12 stage fetch/exec pipeline... mmm...For those who don't understand the fuss about the # of pipeline stages, as a general rule :
fewer # of pipeline stages = higher average instructions per cycle (IPC)
The reason this happens is because of execution branches. Instruction execution happens near the end of a CPU's pipeline. When the CPU is executing instructions that are sequential, it can keep one instruction in every stage of the pipeline. Every clock cycle causes one or more instructions to execute, and everything in the pipeline gets shifted forward.
When a branch happens, though, the CPU has to discard everything in the pipeline and start anew. This means the CPU stalls for as many cycles as the pipeline is long - no instructions execute until the pipeline is full again.
The CPU *tries* to predict ahead of time where a program will go next to prevent these stalls. If you're lucky, the CPU guesses correctly, and a branch DOESN'T stall the CPU. But branch prediction can only do so much. In a normal environment EVERY CPU stalls thousands or even millions of times a second.

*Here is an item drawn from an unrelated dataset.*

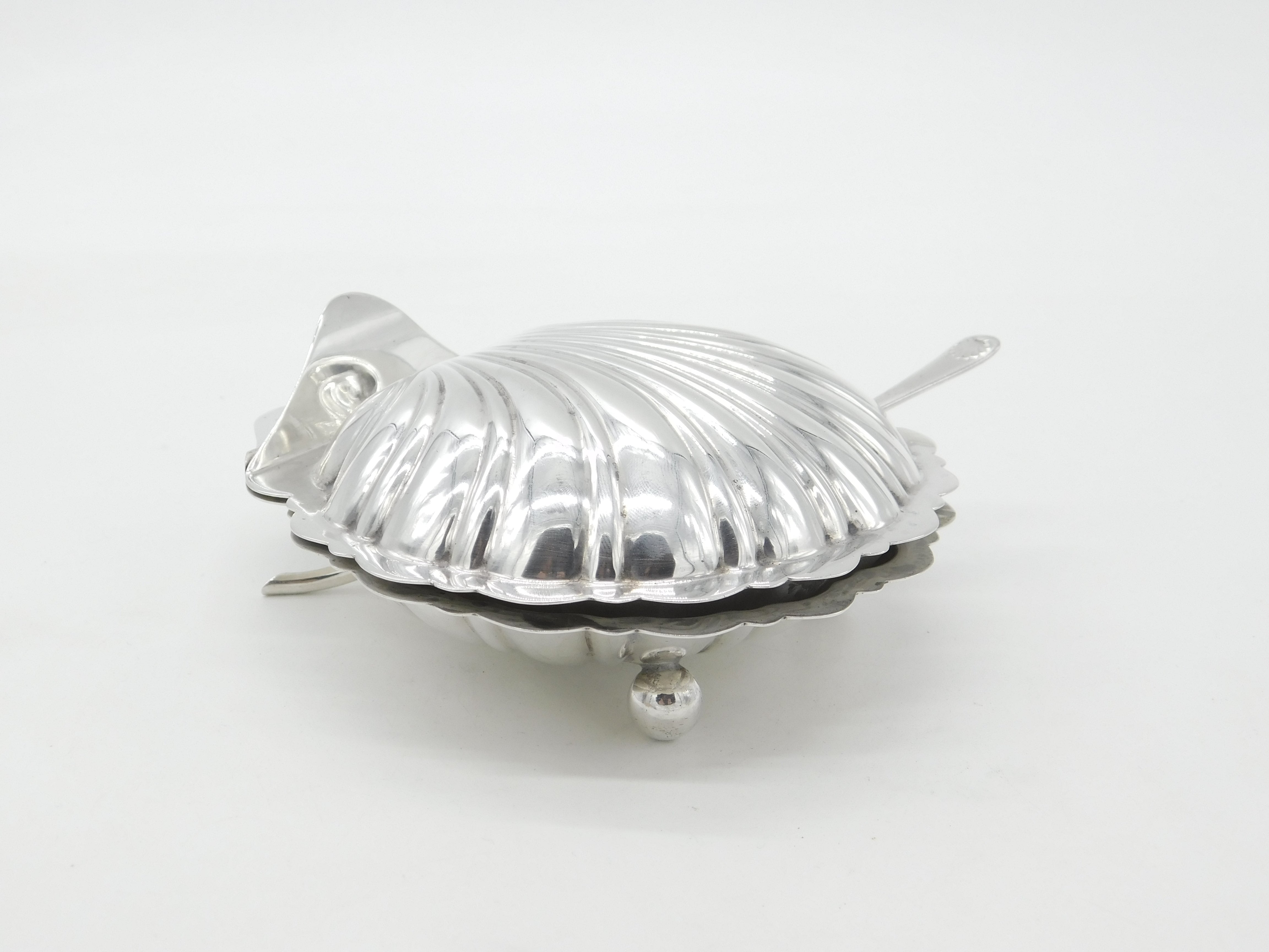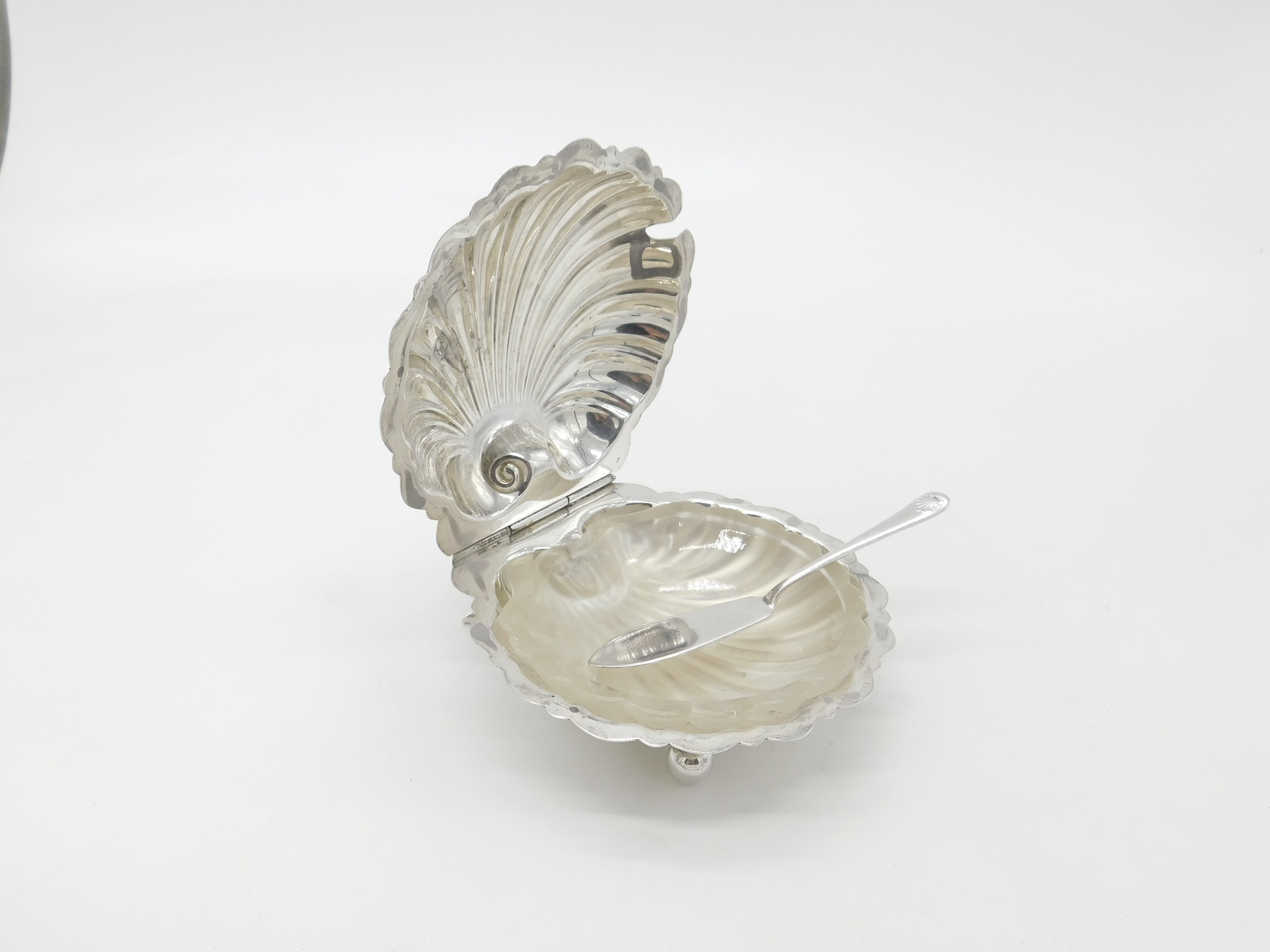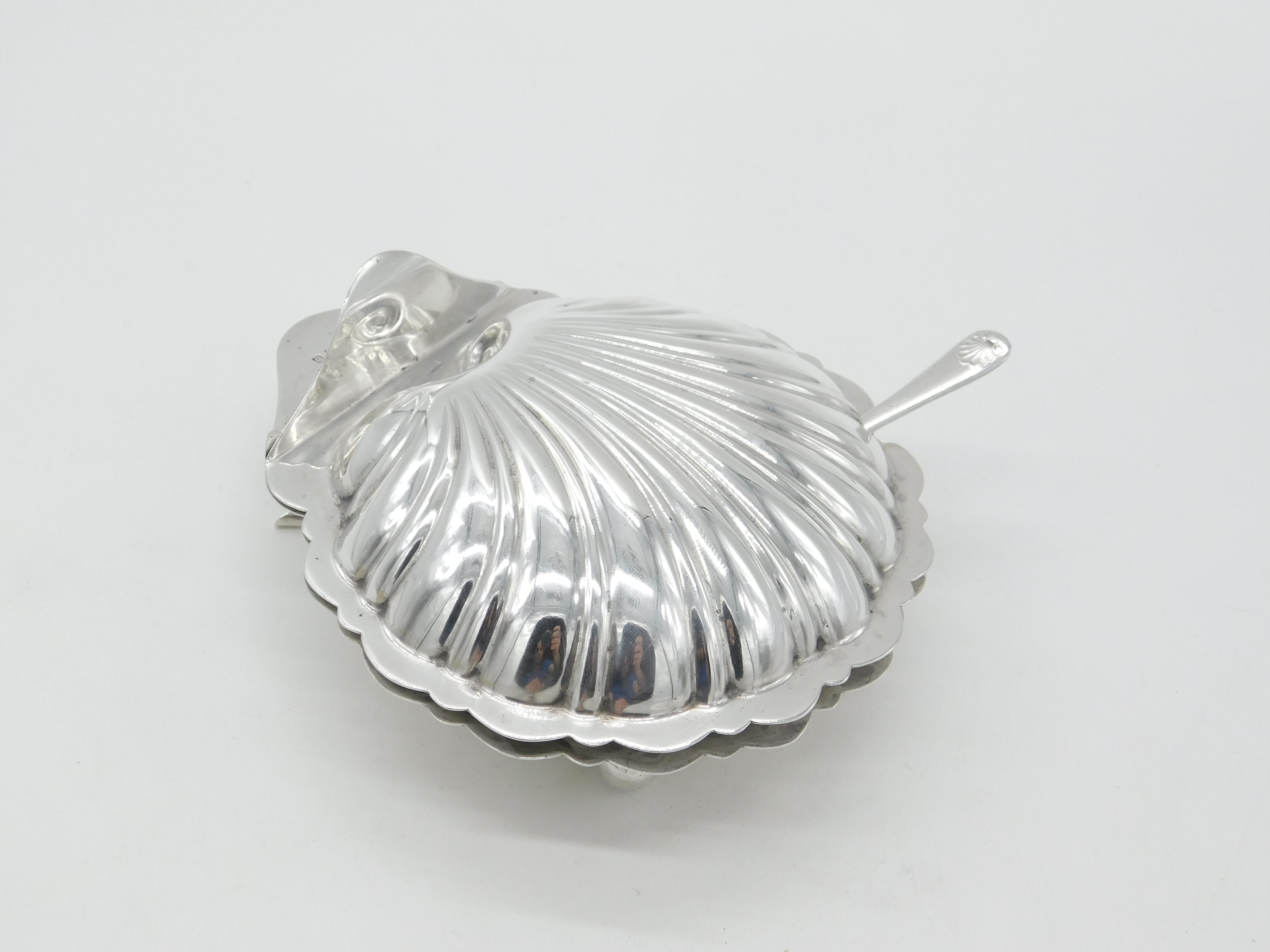 Sterling Silver Clam Shell Form Butter Dish & Knife 1926 Birmingham Antique

On the other hand, having more stages in the pipeline means that each stage has to do less work, which means you can crank the clock speed higher than you could otherwise.
I believe the Athlon has a 9-stage vs. 20 for the P4. This is one of the main reasons the P4 is a slug - even though it's execution engine runs at 2X clock speed, every mispredicted branch causes a minimum 20-cycle stall, vs. only 9 cycles on the Athlon (and 12 on the Hammer).
So it looks like the Hammer will almost certainly be about the same speed as the Athlon - probably a tad slower at integer ops, and a tad faster at FP. It will definatley be a hell of a lot faster than the P4, clock for clock.